TASK DIRECTIONS ▸ Transcribe all the entries that follow, leaving nothing out.
** Opening SOURCE MATERIAL block **
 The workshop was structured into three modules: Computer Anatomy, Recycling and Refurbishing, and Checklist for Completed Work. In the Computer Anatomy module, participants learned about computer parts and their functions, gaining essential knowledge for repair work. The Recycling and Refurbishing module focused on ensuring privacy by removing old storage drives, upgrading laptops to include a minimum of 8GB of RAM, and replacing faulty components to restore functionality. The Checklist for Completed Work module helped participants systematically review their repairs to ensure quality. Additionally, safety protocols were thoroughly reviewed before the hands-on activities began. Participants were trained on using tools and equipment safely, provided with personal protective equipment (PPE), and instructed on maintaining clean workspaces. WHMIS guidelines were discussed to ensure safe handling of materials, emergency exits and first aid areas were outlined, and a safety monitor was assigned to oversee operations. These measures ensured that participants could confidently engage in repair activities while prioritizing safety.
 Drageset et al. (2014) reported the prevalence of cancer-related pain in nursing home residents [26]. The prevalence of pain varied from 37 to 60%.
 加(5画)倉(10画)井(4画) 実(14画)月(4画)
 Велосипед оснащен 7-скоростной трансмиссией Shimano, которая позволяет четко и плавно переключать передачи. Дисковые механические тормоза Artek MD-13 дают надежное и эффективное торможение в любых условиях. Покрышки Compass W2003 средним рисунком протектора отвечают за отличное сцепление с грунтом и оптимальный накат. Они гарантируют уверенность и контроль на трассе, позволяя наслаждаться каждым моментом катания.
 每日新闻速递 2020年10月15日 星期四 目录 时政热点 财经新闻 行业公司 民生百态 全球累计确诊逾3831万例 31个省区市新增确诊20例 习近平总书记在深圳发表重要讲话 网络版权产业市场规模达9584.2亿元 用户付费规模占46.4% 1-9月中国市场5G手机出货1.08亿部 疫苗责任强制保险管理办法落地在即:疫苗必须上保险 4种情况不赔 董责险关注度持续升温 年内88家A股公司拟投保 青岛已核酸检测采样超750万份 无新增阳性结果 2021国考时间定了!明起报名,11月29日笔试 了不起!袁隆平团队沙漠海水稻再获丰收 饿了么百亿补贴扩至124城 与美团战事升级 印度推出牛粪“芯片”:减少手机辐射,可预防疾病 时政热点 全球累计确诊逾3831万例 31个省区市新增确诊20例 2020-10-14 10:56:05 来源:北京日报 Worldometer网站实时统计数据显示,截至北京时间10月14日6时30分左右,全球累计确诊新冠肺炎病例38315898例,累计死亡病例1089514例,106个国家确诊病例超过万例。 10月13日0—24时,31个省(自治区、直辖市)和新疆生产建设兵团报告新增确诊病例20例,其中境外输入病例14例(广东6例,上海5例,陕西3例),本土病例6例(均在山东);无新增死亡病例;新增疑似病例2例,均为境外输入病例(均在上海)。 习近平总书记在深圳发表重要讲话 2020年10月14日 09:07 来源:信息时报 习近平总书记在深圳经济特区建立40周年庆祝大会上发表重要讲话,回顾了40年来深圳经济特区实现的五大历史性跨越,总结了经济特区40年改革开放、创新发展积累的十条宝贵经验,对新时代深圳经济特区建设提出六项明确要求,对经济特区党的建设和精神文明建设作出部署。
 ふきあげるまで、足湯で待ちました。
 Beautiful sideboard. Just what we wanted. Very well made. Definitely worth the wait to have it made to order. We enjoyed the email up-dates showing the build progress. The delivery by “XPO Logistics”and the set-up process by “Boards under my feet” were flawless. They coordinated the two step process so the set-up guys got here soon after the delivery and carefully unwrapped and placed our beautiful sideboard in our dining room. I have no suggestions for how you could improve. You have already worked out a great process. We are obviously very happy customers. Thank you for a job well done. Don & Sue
** Closing SOURCE MATERIAL block **
RESPONSE TO THIS TASK ▸
 The workshop was structured into three modules: Computer Anatomy, Recycling and Refurbishing, and Checklist for Completed Work. In the Computer Anatomy module, participants learned about computer parts and their functions, gaining essential knowledge for repair work. The Recycling and Refurbishing module focused on ensuring privacy by removing old storage drives, upgrading laptops to include a minimum of 8GB of RAM, and replacing faulty components to restore functionality. The Checklist for Completed Work module helped participants systematically review their repairs to ensure quality. Additionally, safety protocols were thoroughly reviewed before the hands-on activities began. Participants were trained on using tools and equipment safely, provided with personal protective equipment (PPE), and instructed on maintaining clean workspaces. WHMIS guidelines were discussed to ensure safe handling of materials, emergency exits and first aid areas were outlined, and a safety monitor was assigned to oversee operations. These measures ensured that participants could confidently engage in repair activities while prioritizing safety.
 Drageset et al. (2014) reported the prevalence of cancer-related pain in nursing home residents [26]. The prevalence of pain varied from 37 to 60%.
 加(5画)倉(10画)井(4画) 実(14画)月(4画)
 Велосипед оснащен 7-скоростной трансмиссией Shimano, которая позволяет четко и плавно переключать передачи. Дисковые механические тормоза Artek MD-13 дают надежное и эффективное торможение в любых условиях. Покрышки Compass W2003 средним рисунком протектора отвечают за отличное сцепление с грунтом и оптимальный накат. Они гарантируют уверенность и контроль на трассе, позволяя наслаждаться каждым моментом катания.
 每日新闻速递 2020年10月15日 星期四 目录 时政热点 财经新闻 行业公司 民生百态 全球累计确诊逾3831万例 31个省区市新增确诊20例 习近平总书记在深圳发表重要讲话 网络版权产业市场规模达9584.2亿元 用户付费规模占46.4% 1-9月中国市场5G手机出货1.08亿部 疫苗责任强制保险管理办法落地在即:疫苗必须上保险 4种情况不赔 董责险关注度持续升温 年内88家A股公司拟投保 青岛已核酸检测采样超750万份 无新增阳性结果 2021国考时间定了!明起报名,11月29日笔试 了不起!袁隆平团队沙漠海水稻再获丰收 饿了么百亿补贴扩至124城 与美团战事升级 印度推出牛粪“芯片”:减少手机辐射,可预防疾病 时政热点 全球累计确诊逾3831万例 31个省区市新增确诊20例 2020-10-14 10:56:05 来源:北京日报 Worldometer网站实时统计数据显示,截至北京时间10月14日6时30分左右,全球累计确诊新冠肺炎病例38315898例,累计死亡病例1089514例,106个国家确诊病例超过万例。 10月13日0—24时,31个省(自治区、直辖市)和新疆生产建设兵团报告新增确诊病例20例,其中境外输入病例14例(广东6例,上海5例,陕西3例),本土病例6例(均在山东);无新增死亡病例;新增疑似病例2例,均为境外输入病例(均在上海)。 习近平总书记在深圳发表重要讲话 2020年10月14日 09:07 来源:信息时报 习近平总书记在深圳经济特区建立40周年庆祝大会上发表重要讲话,回顾了40年来深圳经济特区实现的五大历史性跨越,总结了经济特区40年改革开放、创新发展积累的十条宝贵经验,对新时代深圳经济特区建设提出六项明确要求,对经济特区党的建设和精神文明建设作出部署。
 ふきあげるまで、足湯で待ちました。
 Beautiful sideboard. Just what we wanted. Very well made. Definitely worth the wait to have it made to order. We enjoyed the email up-dates showing the build progress. The delivery by “XPO Logistics”and the set-up process by “Boards under my feet” were flawless. They coordinated the two step process so the set-up guys got here soon after the delivery and carefully unwrapped and placed our beautiful sideboard in our dining room. I have no suggestions for how you could improve. You have already worked out a great process. We are obviously very happy customers. Thank you for a job well done. Don & Sue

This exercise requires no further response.